Well, far from environmental economics being oxymoronic, it's actually absolutely central to an understanding of environmental problems. And, therefore, for the design of effective and sensible solutions. And the reason I say this is because in a market economy, such as we live in in the United States and predominates now throughout the world, the causes of environmental problems are fundamentally economic. They're externalities, they're unintentional consequences of market activity by firms, by individuals like you and me.

And also, the consequences of environmental problems have important to economic dimensions. So if the causes of environmental problems and the consequences of environmental problems are both economic, as they are, then surely an economic perspective can help us to understand the problems and to design policies which will be effective, economically sensible, and, therefore, politically pragmatic.

That's what this new book Economics Of The Environment, the sixth edition is all about.
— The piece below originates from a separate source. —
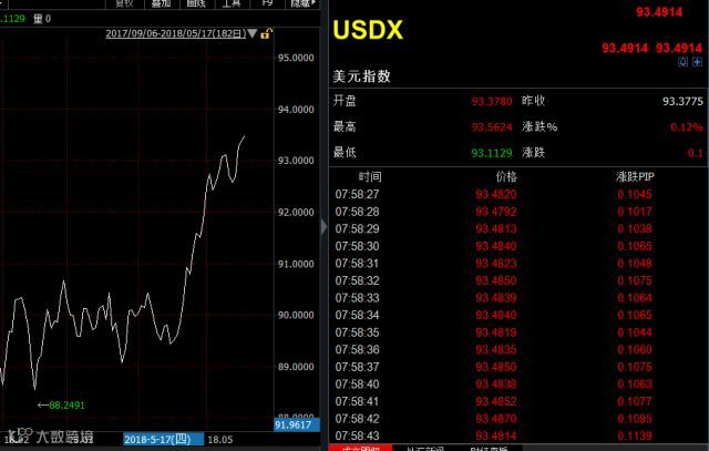 接着是外汇市场:美元大幅走高,从2月份88点低位反弹至93.48点一线,创年内新高。

It's written not just by me, I edited it. But also by a real dream team of the leading environmental economists, not just from the United States but from around the world. This is a who's who from the world of economics and environmental economics. And through out it's chapters, one comes to understand from the beginning of the basics to the end of the applications, the fundamentals of this exceptionally valuable perspective on environment. It's for that reason that we enjoyed writing the book. And I hope that you'll enjoy and you'll benefit from reading it.